Federal Police unveil COP-30 security & immigration blueprint for Belém
The Brazilian Federal Police (PF) formally presented its operational plan for the 30th UN Climate Conference (COP 30) on 25 October 2025, outlining how it will manage an unprecedented surge of foreign delegates, heads of state and media that will begin arriving in Belém in early November.

Under the plan, more than 1,200 PF officers and civilian specialists will be redeployed to Pará for the duration of the summit. Additional immigration booths, biometric e-gates and mobile passport-control units will be installed at Val-de-Cans/Júlio Cezar Ribeiro International Airport, Belém Air Base and the Outeiro cruise-ship pier, where two accommodation ships will berth. The PF confirmed that every arriving delegate will be pre-cleared through an Advance Passenger Information System (APIS) connected to the new COP 30 e-visa database, allowing officers to focus on high-risk travellers.

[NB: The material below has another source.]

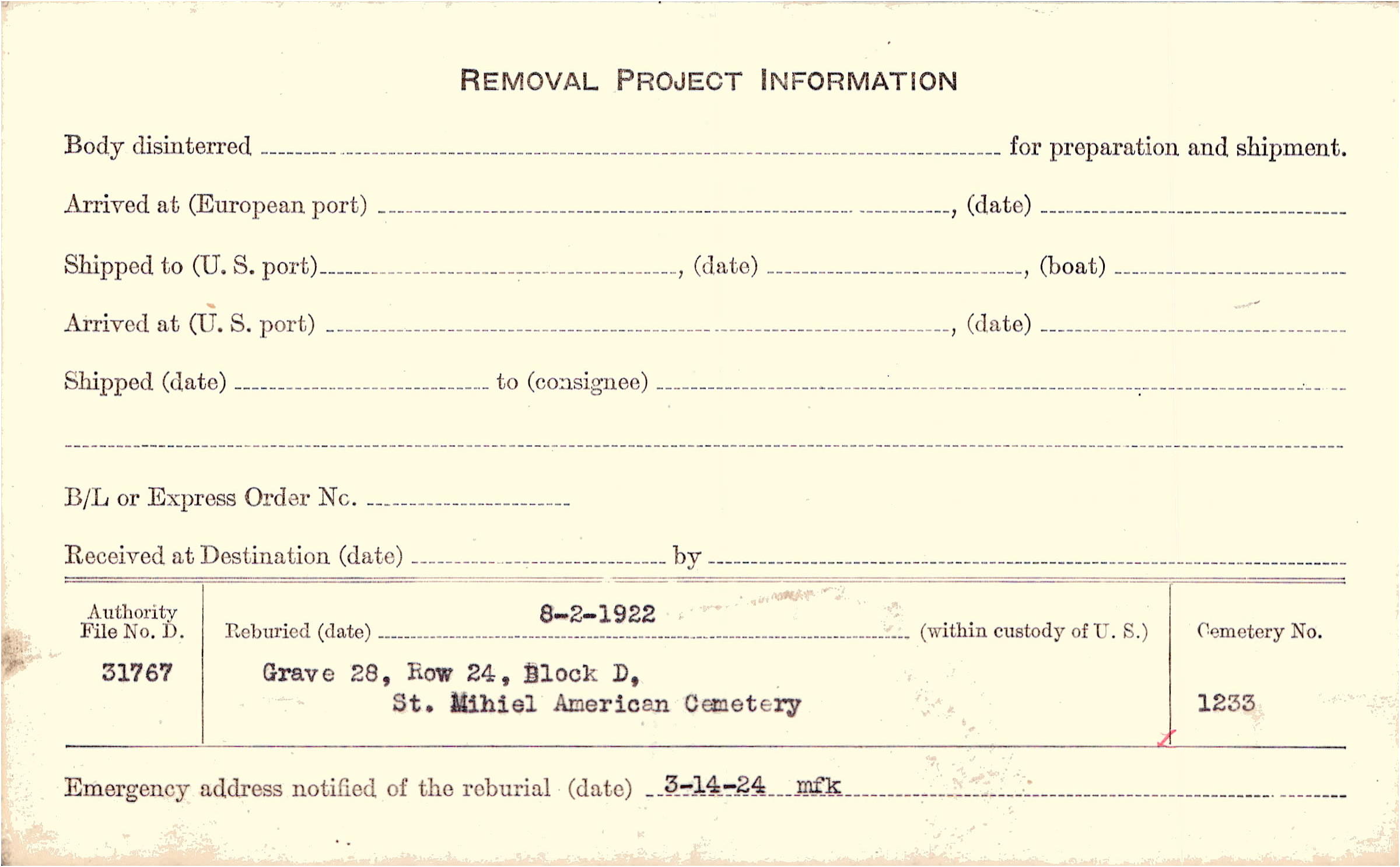 Grave 68, Section 6, Plot 2, St. Mihiel American Cemetery, Thiaucourt, Meurthe-et-Moselle

Beyond the airport perimeter, the PF will maintain 24-hour patrols of key road corridors linking Belém to Ananindeua and the “leaders’ village,” while river-patrol units will police the Guamá and Pará rivers to deter unauthorised boat traffic. A dedicated cyber-intelligence cell will monitor social media and encrypted channels for protest-related threats, reflecting lessons learned from recent summits in Glasgow and Dubai.

For multinational companies planning C-suite attendance, the PF recommends submitting delegate manifests at least 72 hours before arrival, ensuring that passport details match those used in the UNFCCC accreditation portal. Failure to do so could lead to secondary inspection or denied boarding. Employers sending staff should also budget extra time for on-arrival luggage screening, as all diplomatic and media equipment will be X-rayed off-site before being released to couriers.

The plan strikes a delicate balance between security and Brazil’s pledge to keep COP 30 an “open Amazonian summit.” By leaning on digital pre-clearance and additional staffing rather than blanket restrictions, the PF hopes to minimise queues that plagued COP 28 in Dubai, when some delegations waited more than three hours at passport control. Companies with tight meeting schedules are nonetheless advised to plan arrivals for early morning or late-night periods, when charter‐flight slots are still widely available.